Prove by induction that the nth triangular number, T (sub n), is given by T (sub n)= (n/2)(n+1).
2007-05-23 18:22:35 · 4 answers · asked by Anonymous in Science & Mathematics ➔ Mathematics
The keys to induction are to show that the relationship works for the smallest integer to which it applies, then to show that if it applies for one integer, it works for the next higher one. You can then show by repeated application that the relationship works for all integers greater than or equal to the one you started with.
For this example, the first step is to show that the relationship works for n = 1. That is easy.

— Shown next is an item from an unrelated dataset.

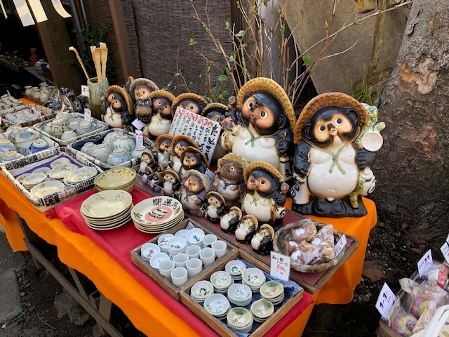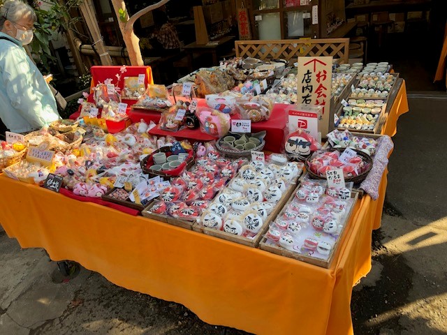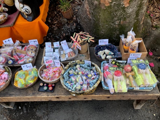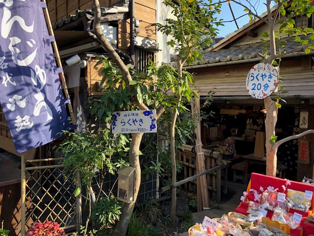 また、門前にはたくさんの面白いお店がありました。らくやきの体験があったり、タヌキの置物やビー玉などのなつかしい玩具も売られていて、心惹かれます。

T (sub 1) = (1/2) (1 + 1) = (1/2)(2) = 1, which is indeed the first triangular number.
For the next step, we assume that the relationship works for some value n. Because a triangular number is the sum of all integers from 1 to n, the next higher triangular number above T(sub n) plus n + 1. Substituting our expression for T(sub n), we get
T (sub n+1) = (n/2)(n+1) + n + 1
= (n/2)(n+1) + 1(n+1)
= (n/2 + 1)(n+1)
= (n/2 + 2/2)(n+1)
= (n+2) * (1/2) * (n+1)
= (n+1) * (1/2) * (n+2)
= ((n+1)/2)(n+2)
= ((n+1)/2)((n+1)+1)
which is the expected value of T (sub n+1)
By induction, since the expression for T(sub 1) holds, so does that for T(sub 2)
and because T(sub 2) holds, so does T(sub 3)
and because T(sub 3) holds, so does T(sub 4)
and so on, for any arbitrarily large integer n.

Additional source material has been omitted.